_Data excerpt_:
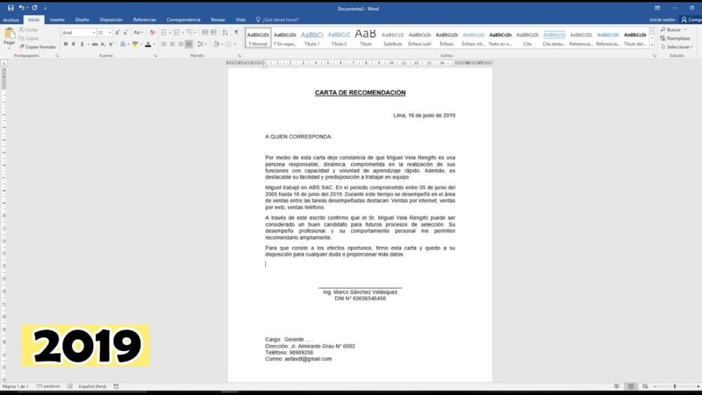 - ¿Qué información debe incluir una carta de recomendación laboral sencilla?
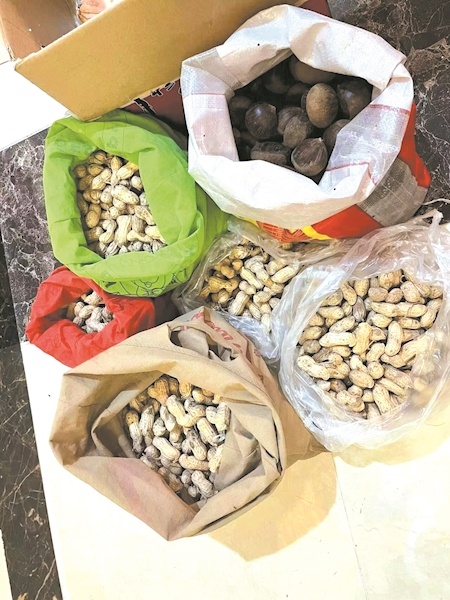 在煙臺,賈永婷給老人買了不少吃的東西。臨走時,孫爺爺和村干部又給她裝了一些花生等當地特產,讓她帶回去。
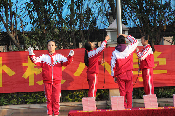 首先是升旗仪式。当火红的国旗和美丽的朝阳一起冉冉升起时,伴随着庄严的国歌声,每个人心中都满怀期冀种下了春天的希望。
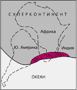 Реконструкция области распространения Mn- и Fe-рудных формаций на окраине протерозойского суперконтинента. Построена с учетом современного расположения кратонов - останцов древней коры. Контуры современных континентов нанесены условно.Но если в раннем протерозое существовал единый суперконтинент - древнейшая Пангея-0, - то и океан был единым. Предполагается, что переломным моментом в структурном развитии суперконтинента оказался рубеж 2200 - 2000 млн лет назад, когда началось его дробление и образование нескольких материковых блоков. Однако причина раскола этого континента и дрейфа отдельных блоков остается неясной.Надо отметить, что приводимые у разных авторов даты, относящиеся к столь отдаленным во времени геологическим событиям, нередко разнятся в пределах ±100 - 200 млн лет. По-видимому, эти неувязки, составляющие 5 - 10% от абсолютных величин, не очень принципиальны.

_Task directions_: Wherever an image sits in the data, omit it; everything else must be copied exactly.

_Answer box_:
 - ¿Qué información debe incluir una carta de recomendación laboral sencilla?
 在煙臺,賈永婷給老人買了不少吃的東西。臨走時,孫爺爺和村干部又給她裝了一些花生等當地特產,讓她帶回去。
 首先是升旗仪式。当火红的国旗和美丽的朝阳一起冉冉升起时,伴随着庄严的国歌声,每个人心中都满怀期冀种下了春天的希望。
 Реконструкция области распространения Mn- и Fe-рудных формаций на окраине протерозойского суперконтинента. Построена с учетом современного расположения кратонов - останцов древней коры. Контуры современных континентов нанесены условно.Но если в раннем протерозое существовал единый суперконтинент - древнейшая Пангея-0, - то и океан был единым. Предполагается, что переломным моментом в структурном развитии суперконтинента оказался рубеж 2200 - 2000 млн лет назад, когда началось его дробление и образование нескольких материковых блоков. Однако причина раскола этого континента и дрейфа отдельных блоков остается неясной.Надо отметить, что приводимые у разных авторов даты, относящиеся к столь отдаленным во времени геологическим событиям, нередко разнятся в пределах ±100 - 200 млн лет. По-видимому, эти неувязки, составляющие 5 - 10% от абсолютных величин, не очень принципиальны.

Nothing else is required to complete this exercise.